Opened 6 months ago

Closed 4 months ago

#28868 closed defect (fixed)

best_priority() can starve the worker threads of good relays

Reported by: teor Owned by: juga
Priority: Medium Milestone: sbws: 1.0.x-final
Component: Core Tor/sbws Version: sbws: 1.0.2
Severity: Normal Keywords:
Cc: juga, teor Actual Points:
Parent ID: #28663 Points:
Reviewer: ahf Sponsor:

Description (last modified by teor)

best_priority() tries to measure unmeasured and failing relays first.

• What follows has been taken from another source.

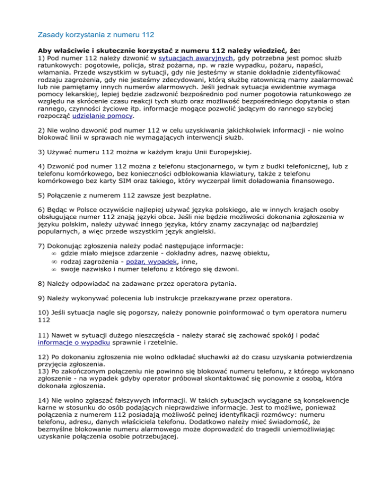 Zasady korzystania z numeru 112 Aby właściwie i skutecznie korzystać z numeru 112 należy wiedzieć, że: 1) Pod numer 112 należy dzwonić w sytuacjach awaryjnych, gdy potrzebna jest pomoc służb ratunkowych: pogotowie, policja, straż pożarna, np. w razie wypadku, pożaru, napaści, włamania. Przede wszystkim w sytuacji, gdy nie jesteśmy w stanie dokładnie zidentyfikować rodzaju zagrożenia, gdy nie jesteśmy zdecydowani, którą służbę ratowniczą mamy zaalarmować lub nie pamiętamy innych numerów alarmowych. Jeśli jednak sytuacja ewidentnie wymaga pomocy lekarskiej, lepiej będzie zadzwonić bezpośrednio pod numer pogotowia ratunkowego ze względu na skrócenie czasu reakcji tych służb oraz możliwość bezpośredniego dopytania o stan rannego, czynności życiowe itp. informacje mogące pozwolić jadącym do rannego szybciej rozpocząć udzielanie pomocy. 2) Nie wolno dzwonić pod numer 112 w celu uzyskiwania jakichkolwiek informacji - nie wolno blokować linii w sprawach nie wymagających interwencji służb. 3) Używać numeru 112 można w każdym kraju Unii Europejskiej. 4) Dzwonić pod numer 112 można z telefonu stacjonarnego, w tym z budki telefonicznej, lub z telefonu komórkowego, bez konieczności odblokowania klawiatury, także z telefonu komórkowego bez karty SIM oraz takiego, który wyczerpał limit doładowania finansowego. 5) Połączenie z numerem 112 zawsze jest bezpłatne. 6) Będąc w Polsce oczywiście najlepiej używać języka polskiego, ale w innych krajach osoby obsługujące numer 112 znają języki obce. Jeśli nie będzie możliwości dokonania zgłoszenia w języku polskim, należy używać innego języka, który znamy zaczynając od najbardziej popularnych, a więc przede wszystkim język angielski. 7) Dokonując zgłoszenia należy podać następujące informacje: • gdzie miało miejsce zdarzenie - dokładny adres, nazwę obiektu, • rodzaj zagrożenia - pożar, wypadek, inne, • swoje nazwisko i numer telefonu z którego się dzwoni. 8) Należy odpowiadać na zadawane przez operatora pytania. 9) Należy wykonywać polecenia lub instrukcje przekazywane przez operatora. 10) Jeśli sytuacja nagle się pogorszy, należy ponownie poinformować o tym operatora numeru 112 11) Nawet w sytuacji dużego nieszczęścia - należy starać się zachować spokój i podać informacje o wypadku sprawnie i rzetelnie. 12) Po dokonaniu zgłoszenia nie wolno odkładać słuchawki aż do czasu uzyskania potwierdzenia przyjęcia zgłoszenia. 13) Po zakończonym połączeniu nie powinno się blokować numeru telefonu, z którego wykonano zgłoszenie - na wypadek gdyby operator próbował skontaktować się ponownie z osobą, która dokonała zgłoszenia. 14) Nie wolno zgłaszać fałszywych informacji. W takich sytuacjach wyciągane są konsekwencje karne w stosunku do osób podających nieprawdziwe informacje. Jest to możliwe, ponieważ połączenia z numerem 112 posiadają możliwość pełnej identyfikacji rozmówcy: numeru telefonu, adresu, danych właściciela telefonu. Dodatkowo należy mieć świadomość, że bezmyślne blokowanie numeru alarmowego może doprowadzić do tragedii uniemożliwiając uzyskanie połączenia osobie potrzebującej. 15) Jeśli numer 112 wybrany został przez pomyłkę - nie wolno się rozłączać bez poinformowania operatora, że to pomyłka i nic się nie stało. Jeśli taka informacja nie zostanie podana - nastąpi lokalizowanie osoby dzwoniącej i sprawdzanie czy nie potrzebuje pomocy.

But if fraction_relays or min_relays always fail, those relays will always end up first in the priority queue. (More precisely, those relays will end up first in the priority queue, until the results of the good relays time out are discarded for being too old.)

Thinking about starvation is complicated, because of the freshness_reduction_factor on some errors.

Here's a very simple algorithm that avoids starving good relays for failed relays:

  1. Count the number of times that sbws has attempted to get a result from each relay.
  2. Test the relays with the lowest number of attempts first. (Don't check if the attempt succeeded or failed.)

For this priority rule to work, every time a relay is queued, it must get a result. Here's how we can make that happen"

  • Modify result_putter_error() to store an error result to the queue.
  • Make sure timeouts store an error result to the queue.
  • Add a unit test and integration test that makes sure every queued relay has a result.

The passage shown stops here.